Biodiversity is fundamental for our life on Earth: it includes a whole variety of animals, plants, and microorganisms. It’s the key to the productivity of any ecosystem, both the natural ones and the agricultural ones.
The consequences of losing biodiveristy
What will happen to our planet if we lose biodiversity?
To lose biodiversity means to roll down in the deep, into a planet with little to no life: natural disasters, that are happening with more frequency every year, the ongoing problem of the scarcity of water and food insecurity are all strictly connected to the loss of biodiversity, and we will have to face many challenges in the near future.
Every species on the planet has its role in its ecosystem and the equilibrium is very insecure, as it is based on the life itself is a species go extinct, the whole ecosystem is ruined.

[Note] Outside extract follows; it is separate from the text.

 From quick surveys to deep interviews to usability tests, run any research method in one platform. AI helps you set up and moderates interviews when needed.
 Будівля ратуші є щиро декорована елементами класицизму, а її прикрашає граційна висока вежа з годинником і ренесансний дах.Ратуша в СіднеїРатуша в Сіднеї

Today biodiversity is under a severe threat: nature has been forgotten, as capital became the reason that moved the economy.
The FAO report
In 2020 the F.A.O. (Food and Agriculture Organization, UN) released a report on the status of biodiversity on the Earth, that was signed by 300 scientists. Right under us lives one-quarter of all the animal species, that most of the time are forgotten but are essential to our life: they produce fundamentals nutrients that are used by vegetables and fruit to grow.
The uncontrolled use and abuse of fertilizers and pesticides are among the most dangerous damages that humans are perpetrating towards nature and biodiversity. The pollution and contamination of land and water must be reduced and stopped, otherwise we are going to lose biodiversity and the life that we know.

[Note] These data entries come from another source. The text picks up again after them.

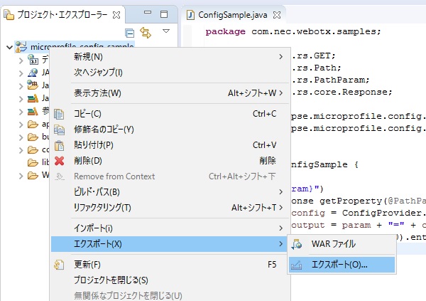 プロジェクトを右クリックして、「エクスポート」−「WAR ファイル」を選択します。
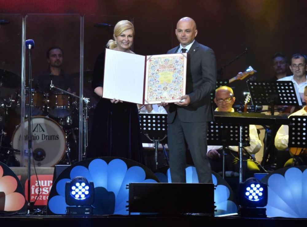 Predsjednica Republike Kolinda Grabar-Kitarović nazočila je Retrospektivi požeškog festivala „Pjevat će Slavonija“. U prigodi pedeset godina postojanja i za neizmjerni doprinos očuvanju slavonskog glazbenog izričaja, kulture, tradicije i baštine, Predsjednica Republike je dodijelila Povelju Republike Hrvatske Festivalu zlatne žice Slavonije.„Zadovoljstvo mi je večeras s vama proslaviti 50. rođendan festivala koji je tijekom pola stoljeća pjesmom najavljivao zlatnu jesen u Zlatnoj dolini“, kazala je predsjednica Grabar-Kitarović istaknuvši kako je glazba Festivala Zlatne žice Slavonije doticala naša srca i donosila nam radost i sjetu.
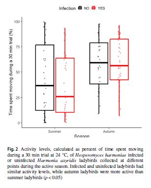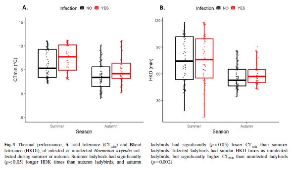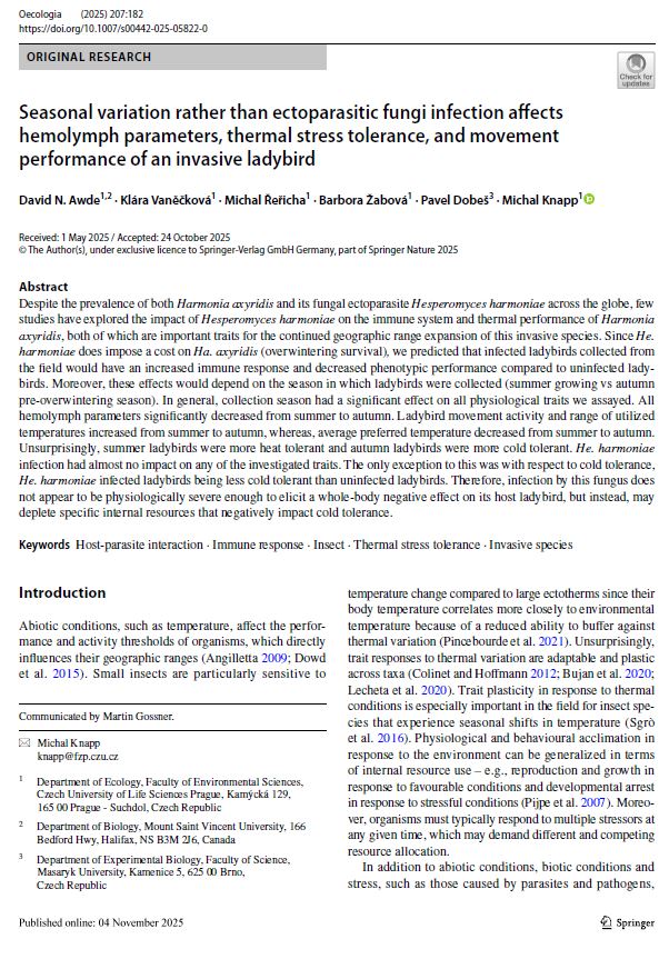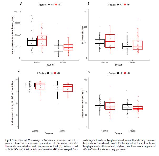 Naše nejnovější ekofyziologická studie ukazuje, že parametry hemolymfy slunéček, částečně odrážející stav jejich imunitního systému, výrazně klesají od léta do podzimu, ale překvapivě nejsou vůbec ovlivněny infekcí parazitické houby Hesperomyces harmoniae. To odolnost vůči teplotním extrémům je ovlivněna nejen sezónou (a tedy aklimatizací), ale infikovaná slunéčka mají nižší odolnost vůči nízkým teplotám, což může částečně vysvětlit jejich nižší přežívání během zimy pozorované v jedné z našich předchozích studií. Parazitická houba přitom neovlivnila pohybovou aktivitu slunéček ani jejich preferovanou teplotu, a nepodařilo se tak potvrdit očekávaný fenomén tzv. „behaviorální horečky“, tedy schopnosti hmyzu léčit se z infekcí pobytem ve vyšších (či nižších) teplotách, než preferují zdraví jedinci. Další detaily studie publikované v časopise Oecologia si můžete přečíst zde.
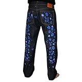 EVISU Jeans Genes Flower Daicock Mens Embroidered Flower Dark Wash Denim Jeans Pants 36" Inseam (Apparel)
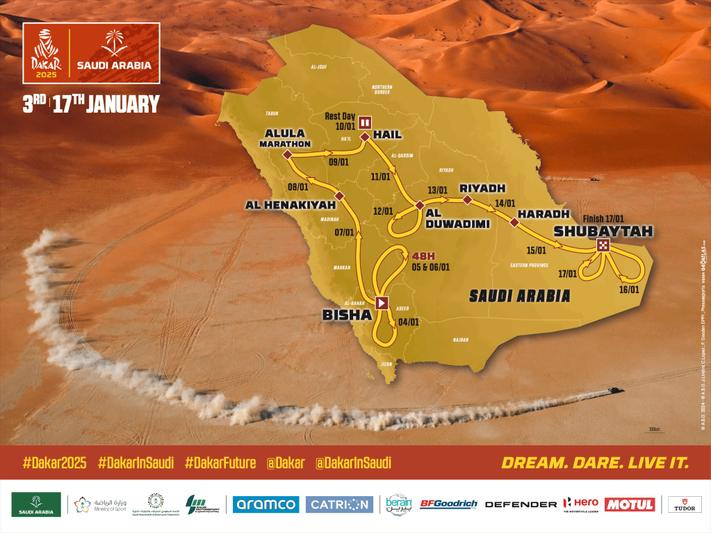 2025 will mark the 47th edition of the Dakar Rally and the sixth year the event takes place in Saudi Arabia. This year’s event will take competitors over 7,700km from Bisha to Shubaytah, featuring a return of fan-favorite challenges and a few new changes:
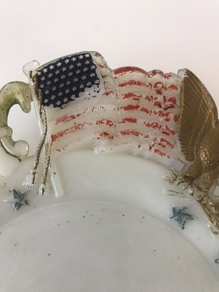 Delve into the rich history of American decor with this exquisite Westmoreland Milk Glass Collector Plate, featuring a vibrant display of the American flag, eagles, and fleur-de-lis design. Crafted in 1903, this piece embodies the patriotic spirit and ornate style of the Edwardian era, making it a timeless treasure for any collection. Measuring at 7.25 inches in diameter, the plate's round shape and multicolor palette are complemented by the high-quality glass material, ensuring both durability and aesthetic appeal. Proudly manufactured in the United States, this decorative plate is a testament to the intricate artistry and cultural heritage of early 20th-century America.

As the FAO stated, in the last 100 years the 75% of all agricultural plant species have disappeared: a huge loss in biodiversity, caused by the ongoing use of just a selection of plant species, cultivated on soils and lands that keep expanding, damaging all the natural species.

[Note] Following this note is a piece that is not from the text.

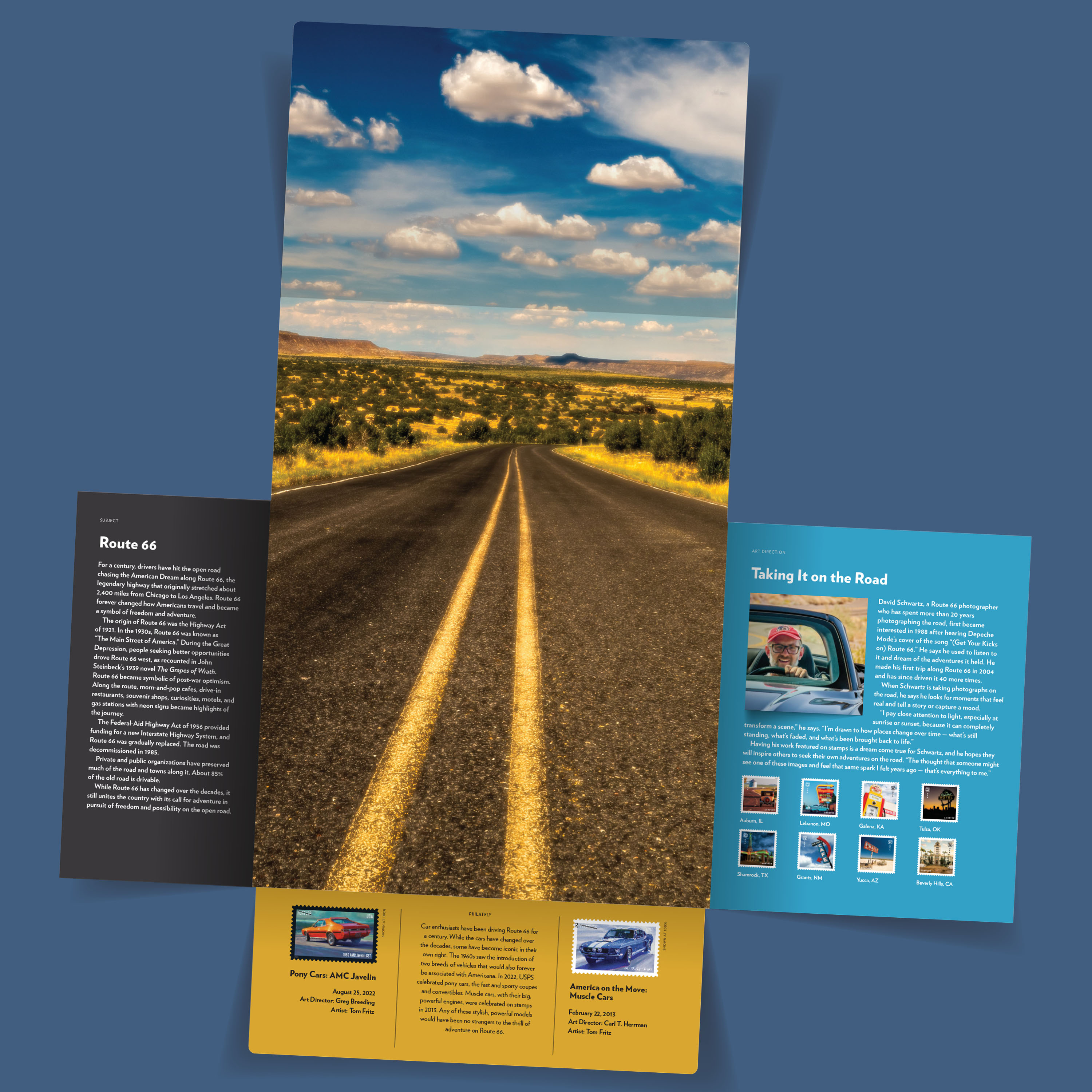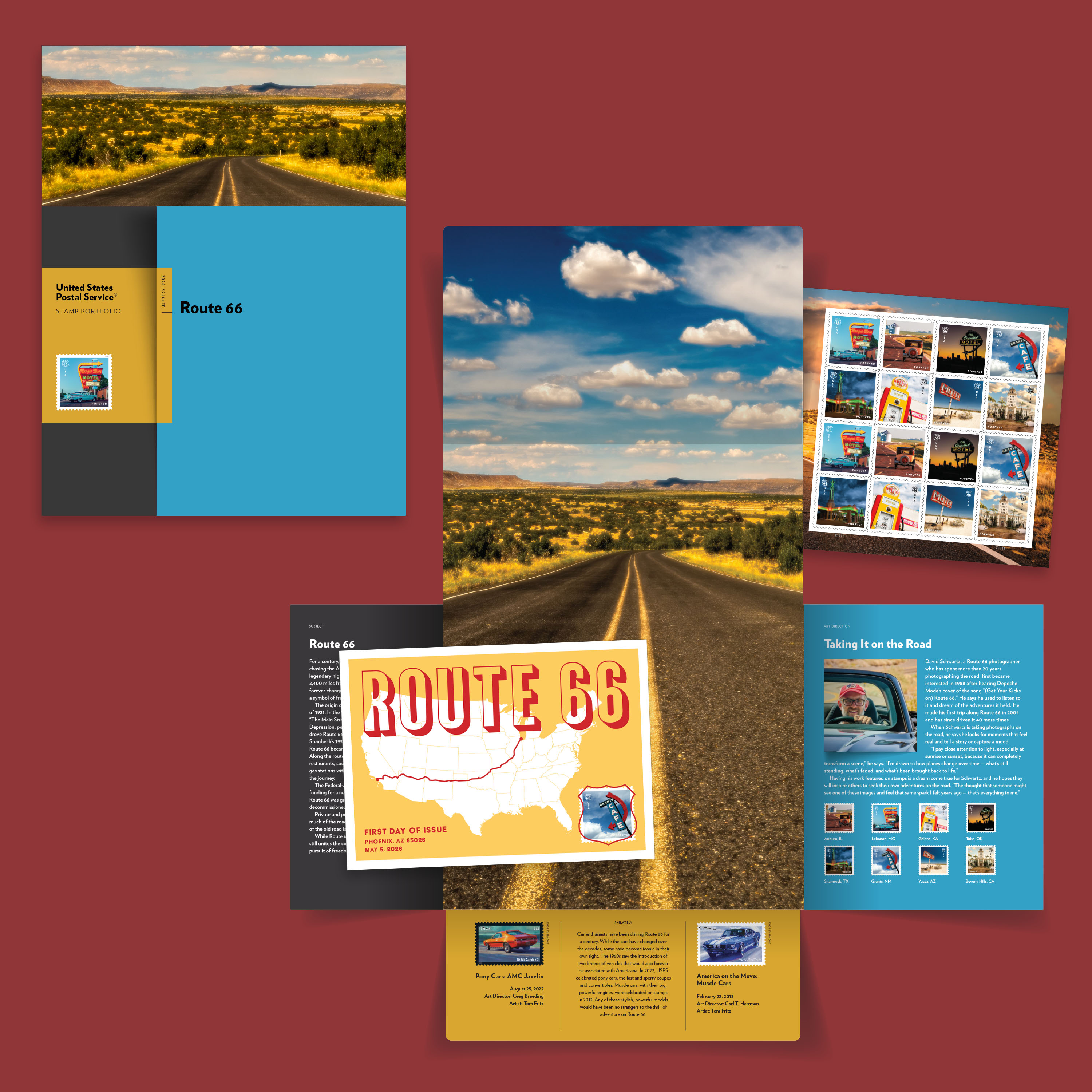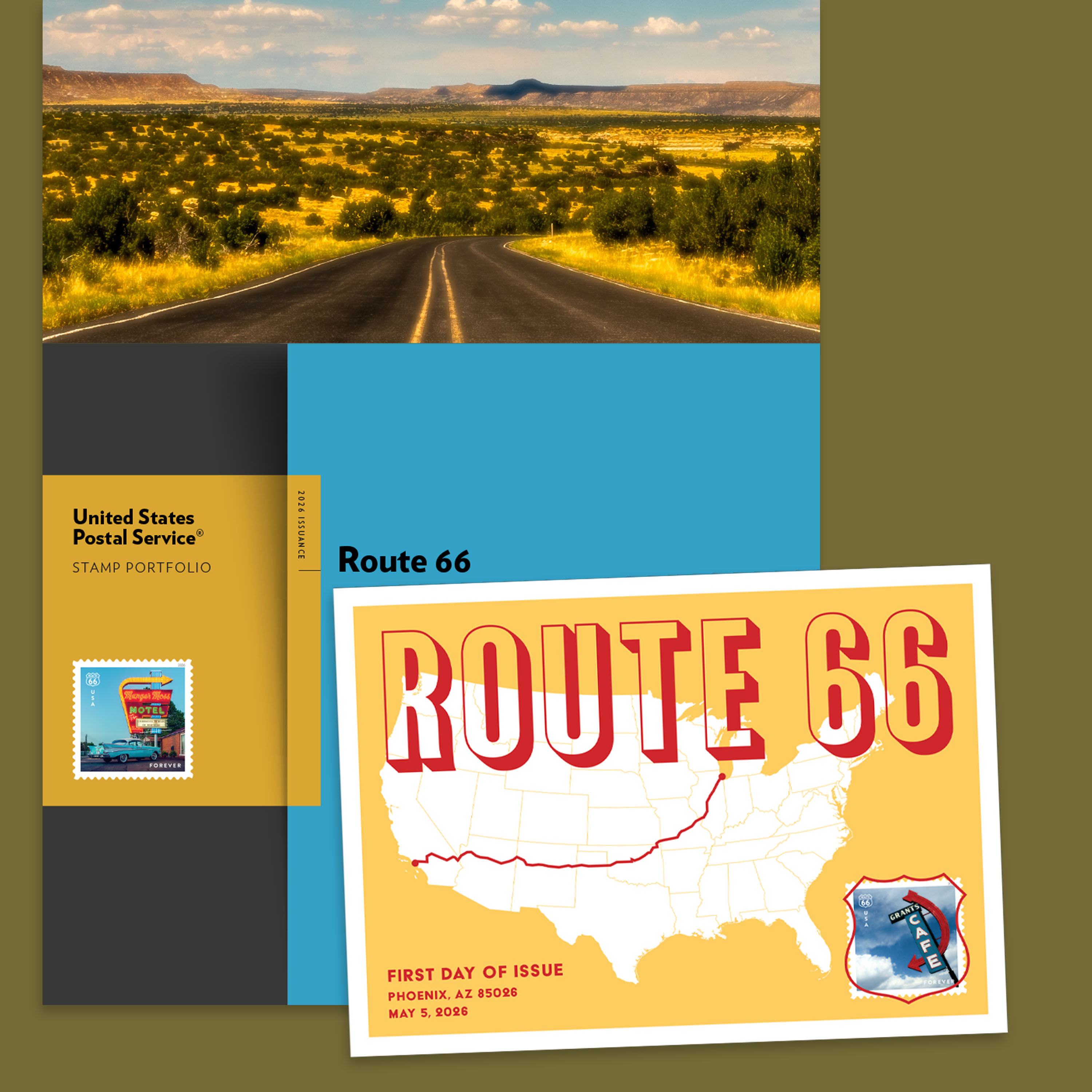 Learn more about the legendary highway that originally stretched about 2,400 miles from Chicago to Los Angeles, as well as the stamp design process to honor it, with the Route 66 Stamp Portfolio.

Biodiversity and the mass extinction of seeds
There is another damage inflicted to biodiversity, that is less known: the seeds. The 60% of seeds sold around the world comes from 4 big companies, that are also the major producers of fertilizers and pesticides (pointless to say that the use of these two products is also damaging the health of humans).
The vast majority of the seeds can’t reproduce themselves or has a reproduction that is unstable and nonproductive: this system is harming nature, with the loss of natural plant species that would survive and produce even more, since they are in their natural ecosystem. This system is also harming humans: our health, our diet and our bodies.
Carlo Petrini, the founder of Slow Food, an international association that wants to protect the ecosystem, biodiversity and commit itself to promote quality and healthy food on every table around the world, stated that “seeds must be considered a common good, they are the foundation of our life, and they are essential for the survival of the Earth. To put our own existence in the hands of a few companies is wrong and very dangerous” and that the association aims to “give to farmers the possibility to produce in a sustainable way healthy seeds that can represent different territories and cultures”.
Biodiversity, plants and seeds: the variety of apples and carrots
Let’s do some practical examples on biodiversity: the variety of fruits and vegetables that we found at the store is just a little part of the whole variety that nature produces.
For example, if we think of apples, there are almost 7,000 different species in the world, but at the supermarket there are 10 as a maximum. Apples, like lots of other fruits and plants, are cultivated based on the economy and business and not on seasonality, ecosystem and place of production.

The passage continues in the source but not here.